[Items from a data source]
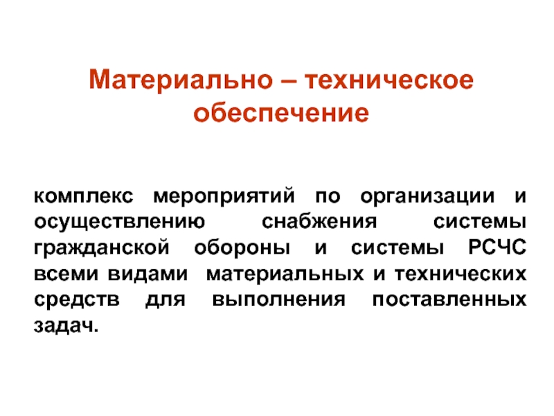 снабжения системы гражданской обороны и системы РСЧС всеми видами материальных
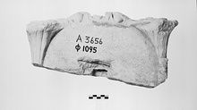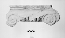 | Description: | Half missing. Three edges on echinus. Reeded bolster with a band of scale pattern in middle. Lime mortar adhering to abacus. Pentelic marble. | |
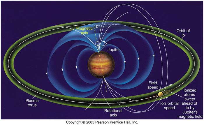Jupiter has a very large and powerful magnetosphere. In fact, if you could see Jupiter's magnetic field from Earth, it would appear five times as large as the full moon in the sky despite being so much farther away. This magnetic field collects a large flux of particle radiation in Jupiter's radiation belts, as well as producing a dramatic gas torus and flux tube associated with Io. Jupiter's magnetosphere is the largest planetary structure in the solar system.
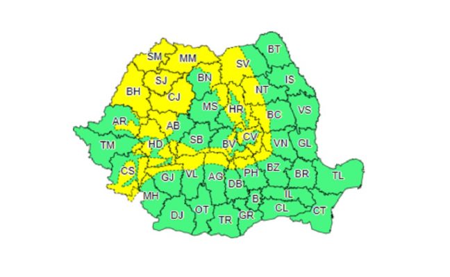 Meteorologii anunţă cod galben de vânt puternic în zonele de munte şi în judeţele din nord-vestul ţării, până vineri dimineaţă, fiind afectate în total 27 de judeţe. La munte, rafalele vor depăşi 100 de kilometri la oră.
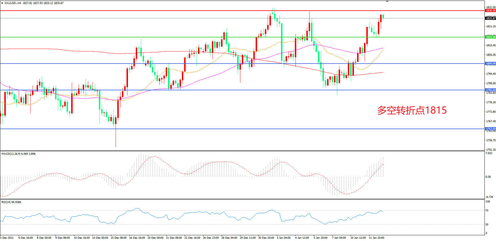 4小时图看,金价突破1815阻力关口后连续拉升,短期走势偏强,均线系统有金叉迹象,MACD红柱增加,RSI指标走平,日内震荡上行概率较大。
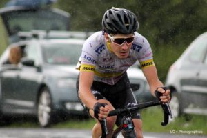 Courir avec les professionnels, à même pas 20 ans, est en soi déjà une belle performance. Pour la première fois de sa jeune carrière, Maxime a été appelé en équipe de France espoirs pour courir samedi le Grand Prix de Plumlelec et dimanche les Boucles de l’Aulne, courses comptant pour la coupe de France pro. S’il termine samedi 77e à 3 minutes du vainqueur André Pasqualon (Wanty Groupe Gobert) et dimanche 75e à 10’39 de Kevin Le Cunff (Saint Michel Auber 93), Maxime a particulièrement apprécié cette première expérience. » C’est un honneur de porter ce maillot tricolore. Ca fait bizarre de se retrouver aux côtés de coureurs qui vont faire le prochain Tour de France. Ca donne envi de revenir. Pour cela il faut continuer à faire de bonnes performances en club. Ces deux courses vont me permettre de passer un cap. Je n’oublie pas qu’il y a juste un an je sortais de 2e catégorie « . Lucide, Maxime Jarnet sait aussi que le mois de juin qui se présente pourrait être décisif dans sa progression avec le championnat régional, le tour du Beaujolais, le Sportbreizh et les championnats de France.

**Required work**
If a record holds a picture, drop the picture and return the rest of it exactly.

**Reply**
 снабжения системы гражданской обороны и системы РСЧС всеми видами материальных
 | Description: | Half missing. Three edges on echinus. Reeded bolster with a band of scale pattern in middle. Lime mortar adhering to abacus. Pentelic marble. | |
Jupiter has a very large and powerful magnetosphere. In fact, if you could see Jupiter's magnetic field from Earth, it would appear five times as large as the full moon in the sky despite being so much farther away. This magnetic field collects a large flux of particle radiation in Jupiter's radiation belts, as well as producing a dramatic gas torus and flux tube associated with Io. Jupiter's magnetosphere is the largest planetary structure in the solar system.
 Meteorologii anunţă cod galben de vânt puternic în zonele de munte şi în judeţele din nord-vestul ţării, până vineri dimineaţă, fiind afectate în total 27 de judeţe. La munte, rafalele vor depăşi 100 de kilometri la oră.
 4小时图看,金价突破1815阻力关口后连续拉升,短期走势偏强,均线系统有金叉迹象,MACD红柱增加,RSI指标走平,日内震荡上行概率较大。
 Courir avec les professionnels, à même pas 20 ans, est en soi déjà une belle performance. Pour la première fois de sa jeune carrière, Maxime a été appelé en équipe de France espoirs pour courir samedi le Grand Prix de Plumlelec et dimanche les Boucles de l’Aulne, courses comptant pour la coupe de France pro. S’il termine samedi 77e à 3 minutes du vainqueur André Pasqualon (Wanty Groupe Gobert) et dimanche 75e à 10’39 de Kevin Le Cunff (Saint Michel Auber 93), Maxime a particulièrement apprécié cette première expérience. » C’est un honneur de porter ce maillot tricolore. Ca fait bizarre de se retrouver aux côtés de coureurs qui vont faire le prochain Tour de France. Ca donne envi de revenir. Pour cela il faut continuer à faire de bonnes performances en club. Ces deux courses vont me permettre de passer un cap. Je n’oublie pas qu’il y a juste un an je sortais de 2e catégorie « . Lucide, Maxime Jarnet sait aussi que le mois de juin qui se présente pourrait être décisif dans sa progression avec le championnat régional, le tour du Beaujolais, le Sportbreizh et les championnats de France.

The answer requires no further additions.